The place looked like a crack house, with people passed out under tables, full ashtrays and empty bottles, and chip packets strewn around, but the players’ dedication to their screens was enticing. Most of the Asian blokes (and they were pretty much all Asian blokes) were playing the same game, the multi-player first-person-shooter Counter-Strike.
Counter-Strike seemed exceedingly simple at first. The game was round-based, each round starting with the players
choosing to be a terrorist or a counter terrorist, and fitting themselves out with some weapons before being dropped into a designated area – terrorists in one area, counter terrorists in another. The game finished when all the players on one side were dead, or when a team’s objective had been fulfilled.

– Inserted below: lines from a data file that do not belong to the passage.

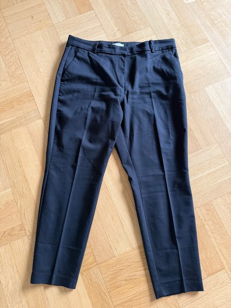 Svart kostymbyxa med pressveck framtill. Byxorna har fickor i sidorna och hällor för skärp i midjan.
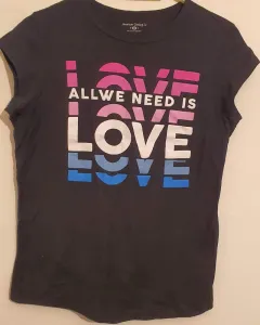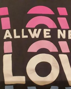 PLAYERITA NEGRA LOVE LOVE !! ALL WE NEED IS. Linda playerita negra!!! Estampado ALL WE NEED IS LOVE / COLORES / ALGODON/ MANGA CORTA/ TALLA: S/ M !!
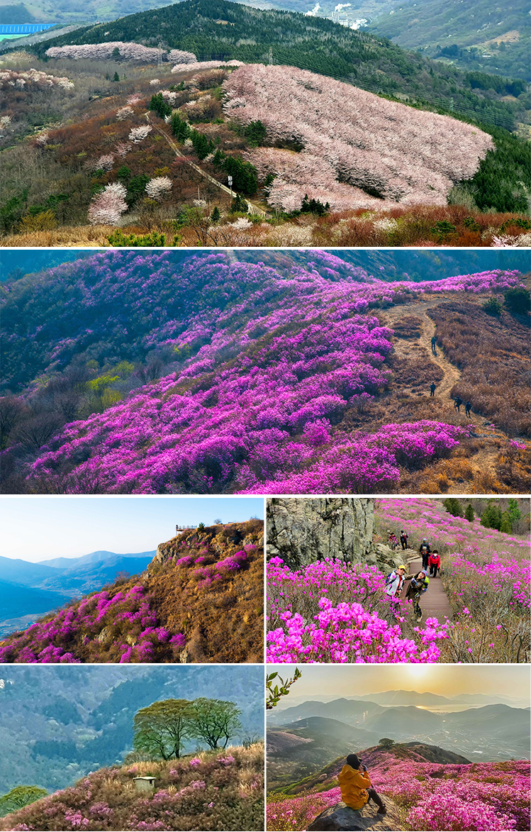 여수 영취산 진달래꽃 트래킹 - 멋진 풍경과 시원한 바다바람, 그리고 진달래를 만끽할 수 있는 곳 - 코스: GS칼텍스공장뒤 임도입구 출발(1㎞/20분)-골명치-우측(0.5㎞/30분)-진달래군락지(0.6㎞/40분)-가마봉(457m)(0.4㎞/20분)-개구리바위(0.3㎞/30분)-진례봉(영취산정상510m)(0.2㎞/10분)-도솔암(0.4㎞/15분)-봉우재 좌측 갈림길-좌측 임도길-골명치-출발장소 도착 - 소요시간: 약3시간30분~4시간30분 * 참고: 봉우재~골명치 약1.8㎞/60분(임도입구 출발지점 약15분) * 트래킹난이도 : 중(중) ![]() 여수 영취산
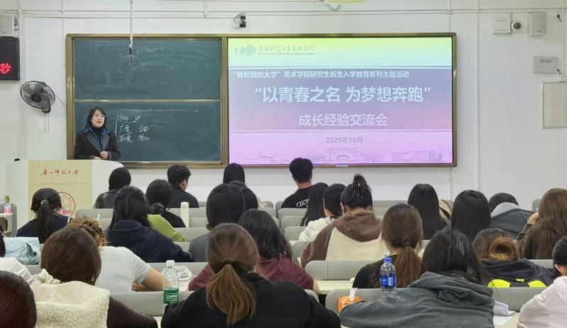 为深入贯彻党的二十届四中全会精神,自觉践行新时代赋予高等教育的文化使命与美育担当,学院积极响应党中央关于推进国家治理体系和治理能力现代化、繁荣发展文化事业和文化产业的战略部署,于10月29日在文一区302教室举办艺生艺学之“以青春之名,为梦想奔跑”研究生成长经验交流会。会议聚焦全会“建设文化强国、教育强国”要求,旨在将发展先进文化、践行核心价值观融入人才培养全过程,引导研究生将个人理想融入民族复兴伟业。研究生辅导员主持会议,学院研究生参加会议。
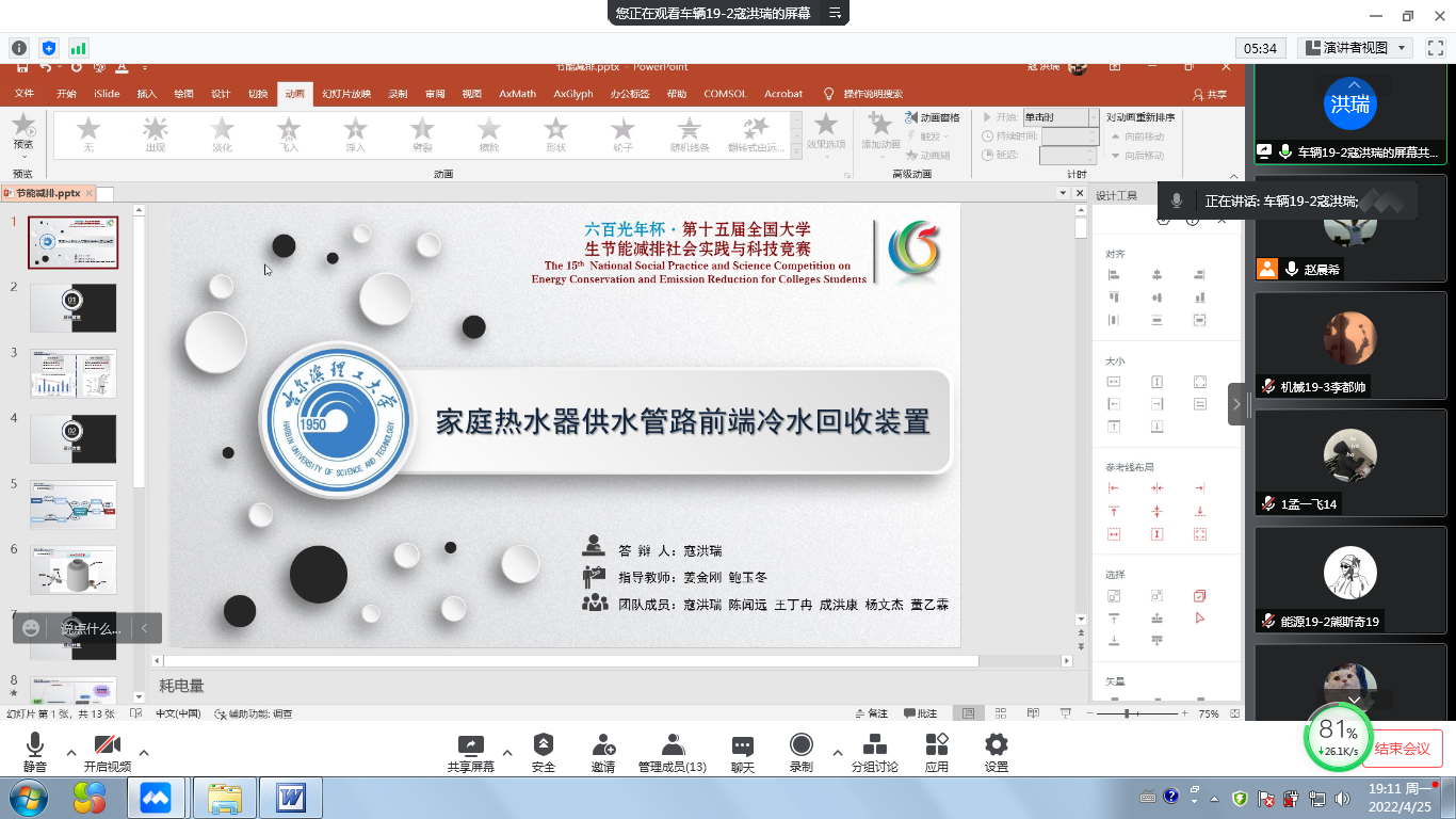 第十五届全国大学生节能减排社会实践与科技竞赛哈尔滨理工大学校内选拔赛由机械动力工程学院承办,于4月25日晚19:00通过腾讯会议成功举办,机械学院副院长姜金刚、竞赛指导教师兼评审教师、全体参赛学生参加了本次活动。比赛筹备阶段,成立了由教学副院长牵头的工作小组,对校赛程序和评审规程进行了精心策划,制定了校内选拔赛实施方案。评审会伊始,副院长姜金刚进行了动员和讲话,强调评审教师要严肃科学的态度,客观公正、实事求是参与评审工作,并签订评审承诺书;全体参赛队伍,严格遵守竞赛规则,并以此次评审为动力,继续完善后续竞赛环节。评审会分两组进行,每组3位评审教师,分别对每个参赛队伍从科学性、创新性和先进性等方面提出了宝贵意见和建议,帮助各支参赛队伍提高作品质量,不断完善作品内容。各组评审教师根据每个参赛队伍的申报书、说明书和现场答辩情况进行打分,并按序确定入围国赛的15项作品。
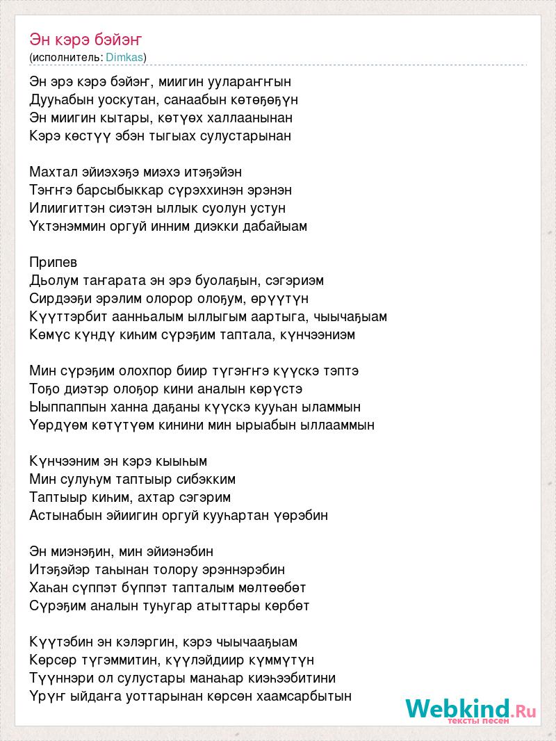 Эн эрэ кэрэ бэйэҥ, миигин уулараҥҥын Дууһабын уоскутан, санаабын көтөҕөҕүн Эн миигин кытары, көтүөх халлаанынан Кэрэ көстүү эбэн тыгыах сулустарынан Махтал эйиэхэҕэ миэхэ итэҕэйэн Тэҥҥэ барсыбыккар сүрэххинэн эрэнэн Илиигиттэн сиэтэн ыллык суолун устун Үктэнэммин оргуй инним диэкки дабайыам Припев Дьолум таҥарата эн эрэ буолаҕын, сэгэриэм Сирдээҕи эрэлим олорор олоҕум, өрүүтүн Күүттэрбит аанньалым ыллыгым аартыга, чыычаҕыам Көмүс күндү киһим сүрэҕим таптала, күнчээниэм Мин сүрэҕим олохпор биир түгэҥҥэ күүскэ тэптэ Тоҕо диэтэр олоҕор кини аналын көрүстэ Ыыппаппын ханна даҕаны күүскэ кууһан ыламмын Үөрдүөм көтүтүөм кинини мин ырыабын ыллааммын Күнчээним эн кэрэ кыыһым Мин сулуһум таптыыр сибэкким Таптыыр киһим, ахтар сэгэрим Астынабын эйиигин оргуй кууһартан үөрэбин Эн миэнэҕин, мин эйиэнэбин Итэҕэйэр таһынан толору эрэннэрэбин Хаһан сүппэт бүппэт тапталым мөлтөөбөт Сүрэҕим аналын туһугар атыттары көрбөт Күүтэбин эн кэлэргин, кэрэ чыычааҕыам Көрсөр түгэммитин, күүлэйдиир күммүтүн Түүннэри ол сулустары манаһар киэһээбитини Үрүҥ ыйдаҥа уоттарынан көрсөн хаамсарбытын

This game spoke to me. This game spoke to us. Dave and I jumped on a computer and we were there for hours. It seemed that with each round we played, the game revealed another level of depth. Every map had its own points of tactical importance; each weapon was useful in certain areas; and there were numerous tricks – fast-switching weapons, crouching behind walls, entering rooms after throwing flashbang grenades – that kept me a little longer in each round and with a slightly higher kill-to-death ratio.
There was a visceral aspect of the game that I liked, too. When you found yourself in a gunfight, things happened very, very quickly. The good players seemed to be able to get a crosshair on their opponent’s head with preternatural speed. When I first started playing there were many times I’d fire on an opposing player who hadn’t even seen me, and find myself dead. It felt like they were cheating. I know they weren’t, though, because eventually I got to that crazy, twitchy level of speed.
I figured out that I liked to play CS the way I liked to fight, choosing to equip myself with the AWP (Arctic Warfare Police) – the big heavy sniper rifle – and the slow-firing but high-calibre Desert Eagle pistol as my weapons. My CS game was all about the one shot that would take you out.